# COLLECTED MATERIAL

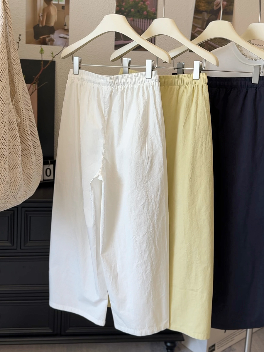 日韩小个子阔腿裤休闲九分裤~夏季薄款洗水棉质宽松裤子纸片裤子
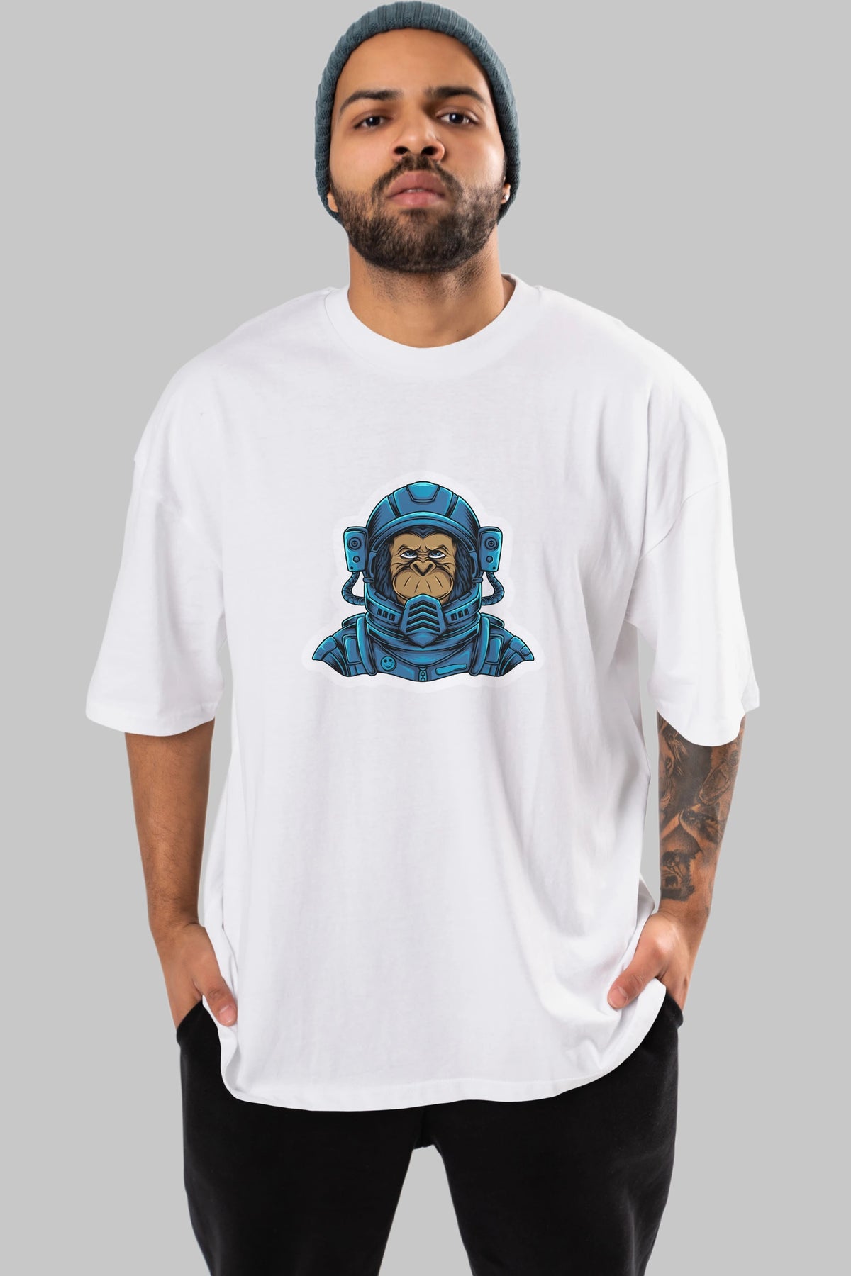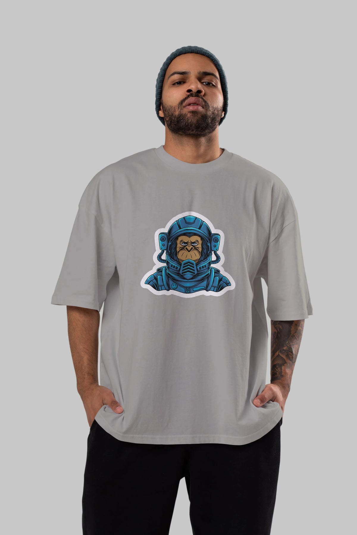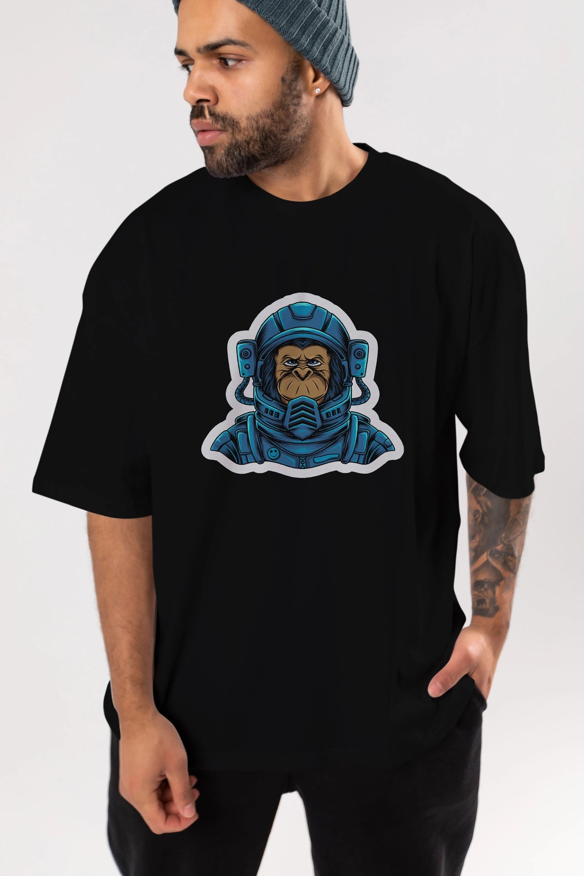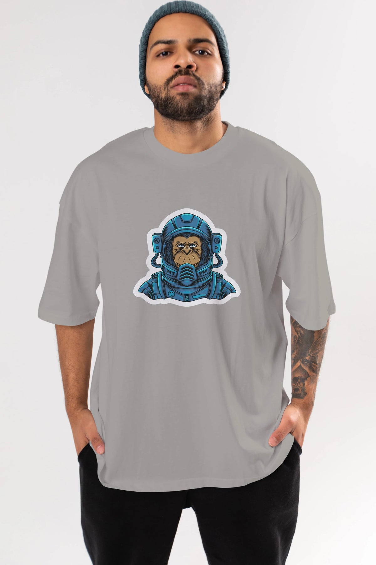 Astromonkey Sticker Ön Baskılı Oversize t-shirt Erkek Kadın Unisex
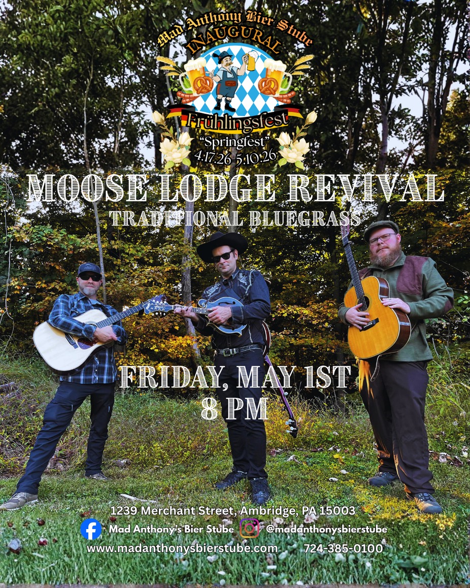 A trio from Moose Lodge Revival is bringing the sounds of traditional bluegrass to the courtyard! Grab a bite, sip on a cold bier (or your favorite spirit), and kick back while the music sets the vibe. Good tunes, great drinks, and even better company — don’t miss it! 🎶
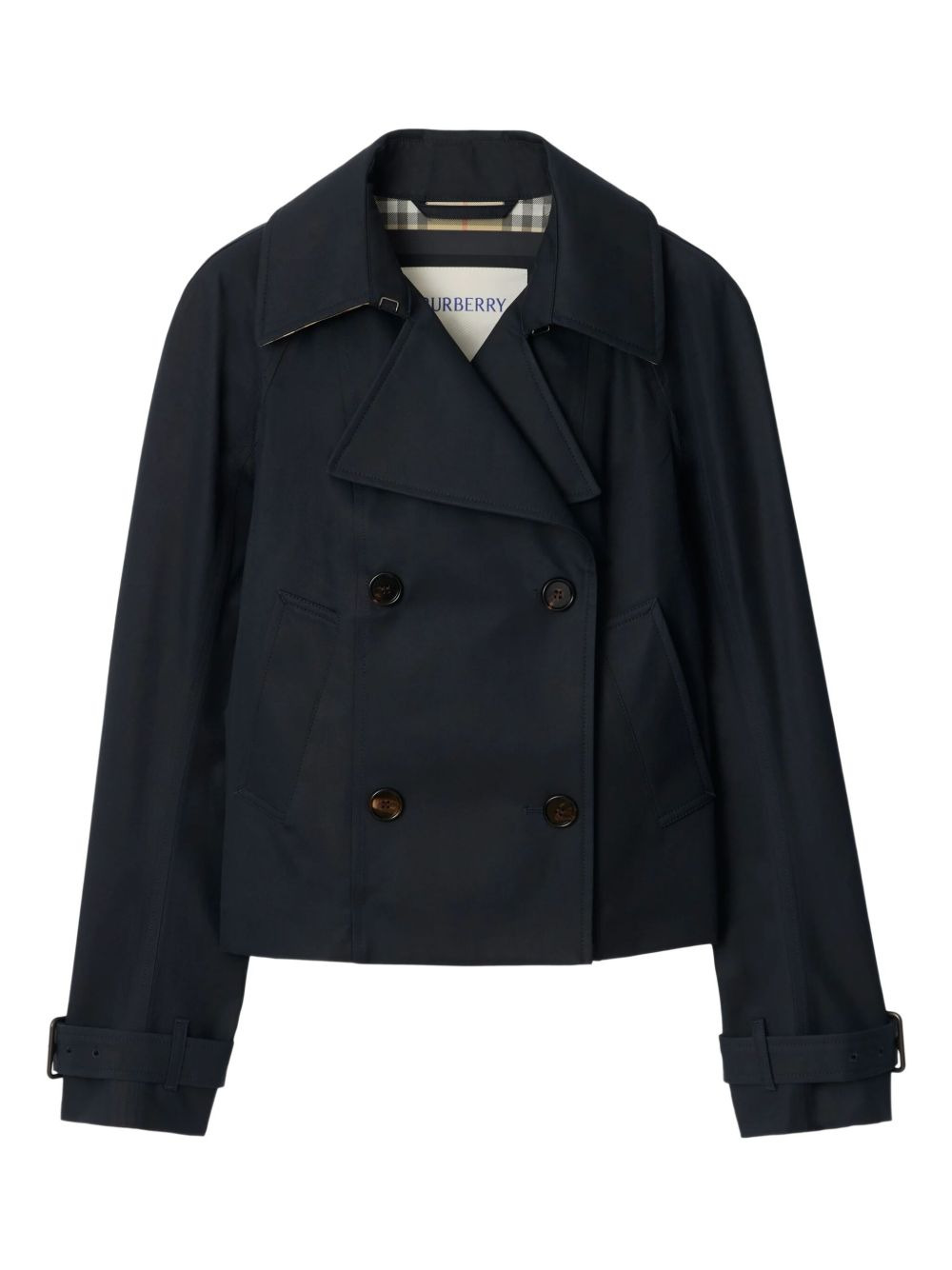 double-breasted belted cropped jacket Highlights - Navy blue - Double-breasted fastening - Belted cuffs - Side welt-pockets - Hook-fastening collar - Notched lapel Imported Composition Fabric 100% Washing instructions Read Manufacturer Guidelines

# EXERCISE OBJECTIVE
Write out the data above exactly as it appears, but without any image.

# YOUR SOLUTION
 日韩小个子阔腿裤休闲九分裤~夏季薄款洗水棉质宽松裤子纸片裤子
 Astromonkey Sticker Ön Baskılı Oversize t-shirt Erkek Kadın Unisex
 A trio from Moose Lodge Revival is bringing the sounds of traditional bluegrass to the courtyard! Grab a bite, sip on a cold bier (or your favorite spirit), and kick back while the music sets the vibe. Good tunes, great drinks, and even better company — don’t miss it! 🎶
 double-breasted belted cropped jacket Highlights - Navy blue - Double-breasted fastening - Belted cuffs - Side welt-pockets - Hook-fastening collar - Notched lapel Imported Composition Fabric 100% Washing instructions Read Manufacturer Guidelines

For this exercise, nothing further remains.